Stiglitz points out that a system gamed to benefit only that 1 percent is destined to sink us all, eventually, because it means America is squandering its productivity, efficiency, and much-needed infrastructure dollars. We would go a step further and say that this system, of, by, and for the 1 percent, is what paved the way for some of the greatest disasters of the new century. The BP-Transocean Oil Spill and the Wall Street collapse might never have happened without the promotion by shadow lobbyists of loose regulation and/or weak enforcement that benefited themselves and their elite brethen. Japan might not be facing a nuclear crisis, were it not for the fact that the very old reactors at the Fukushima Daiichi plant got an extension to keep operating despite safety concerns. That decision was a byproduct, critics say, of Japan’s own gamed system known as amakudari, or “descent from heaven”, a longstanding, widespread practice in which Japanese senior bureaucrats retire to high-profile positions in the private and public sectors.

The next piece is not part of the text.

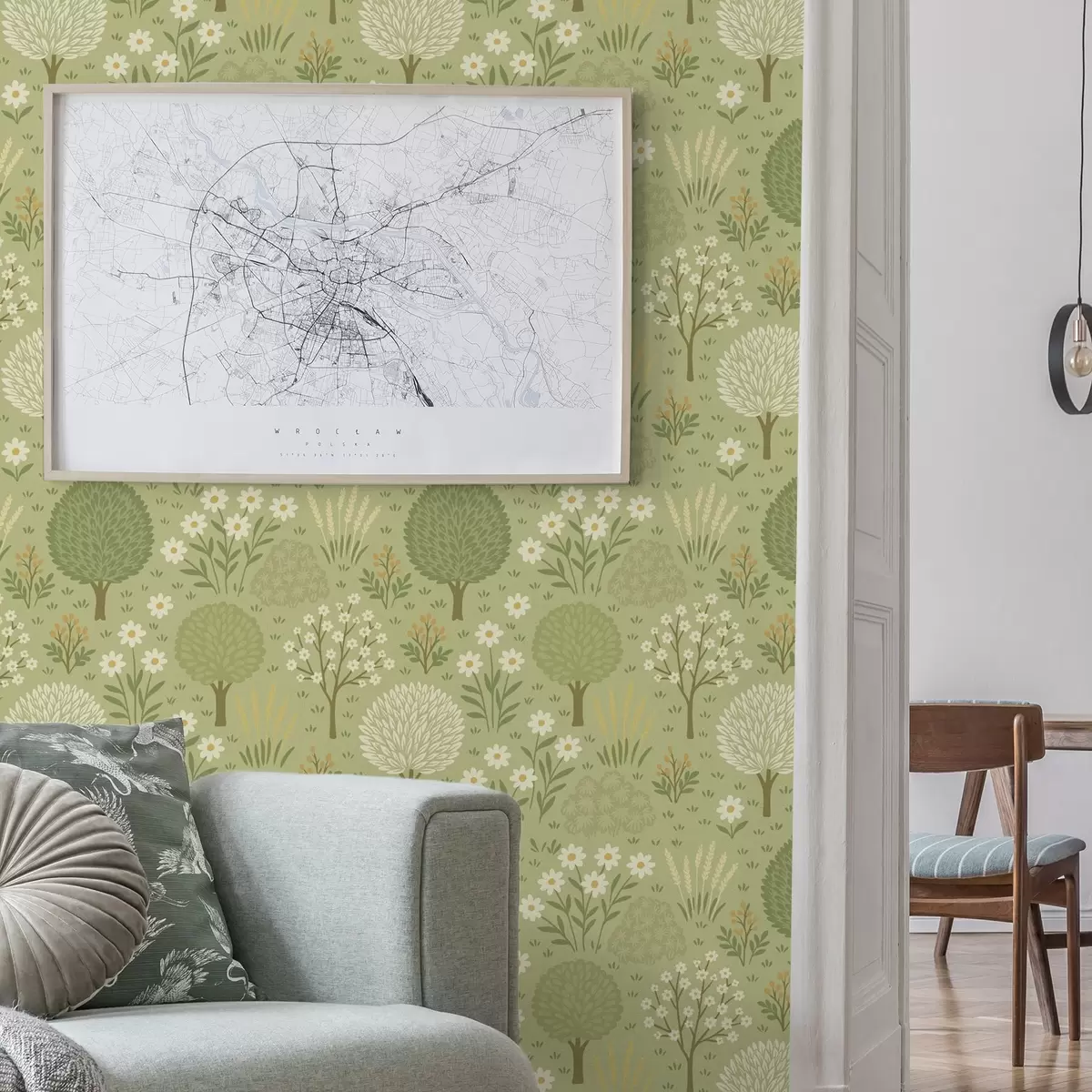 Wallpapers Kids’ green garden: trees, flowers and wheat No. a00586

A string of smaller, but still terrible disasters can be traced to weak regulation and/or spotty enforcement: the half-billion eggs that had to be recalled last year; a 2009 plane crash that killed 50 people, which Frontline traced back to the “cozy” relationship between the FAA and carriers, allowing some of them to operate flights despite safety violations; and several mine disasters that have killed dozens in recent years. A Washington Post analysis found that more than 200 former congressional staffers, regulators and retired lawmakers work for the mining industry as lobbyists, senior executives, or consultants. Those last two roles make it possible for top power brokers to shadow lobby — they go unregistered simply by evading formal registration and refusing the accept the title of lobbyist, even if lobbying is essentially what they are doing.

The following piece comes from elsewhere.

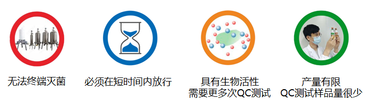 與傳統(tǒng)藥物相比前沿治療藥物(ATMP)在研發(fā)及生產(chǎn)過程中的產(chǎn)品質量控制面臨諸多挑戰(zhàn),例如無法終端滅菌、傳統(tǒng)藥典中無菌檢查方法檢測周期長、具有生物活性需要多次QC測試、產(chǎn)量有限QC測試樣品量少等。

So what does all this have to do with bonuses? A signature feature of the shadow lobbyist era is not just a manipulation of public policy, but also an embrace of “failing upward”. No matter the track record, the elite 1 percent seek more of the same. Transocean executives thought they deserved rich bonuses, as did their unabashed, deeply entitled peers on Wall Street, despite their staggering failures.
The CEO of mine operator Massey, who retired a few months back, is due to get a reported 12 million dollars, a year after Massey’s Upper Big Branch mine exploded, killing dozens. And then there’s egg producer Jack DeCoster, who’s been called “Teflon Chicken Don.” For years DeCoster has fought various workplace safety and environmental violations. Yet here’s what one lawyer who sued DeCoster’s company said about him, to Tribune reporter Andrew Zajac: “He gets fined and things happen to him, but he comes back. He always bounces back.”
The insulation from failure is galling, to be sure, but it’s much more than that. It is both an outrage and a clear and present danger. If executives and stealth power brokers face no repercussions for making risky bets or pushing the limits on safety to save a buck or working the system to their advantage no matter the consequences, what incentive do they have to act more responsibly in the future?
This week, at least, Transocean’s attempt to rebrand its failure and reward its executives was stopped in its tracks by public shaming, most effectively by Jon Stewart. He suggested that if you follow Transocean’s statistical “logic” on their 2010 safety record, then 1937 was actually a banner year for the company that made … the Hindenburg. Even for the most brazen of the 1 percent, that is one brand name no one wants to their name next to. For a change, those trying to fail upwards got a much-needed come-down.
By Linda Keenan and Janine Wedel
Published in The Huffington Post, April 7, 2011.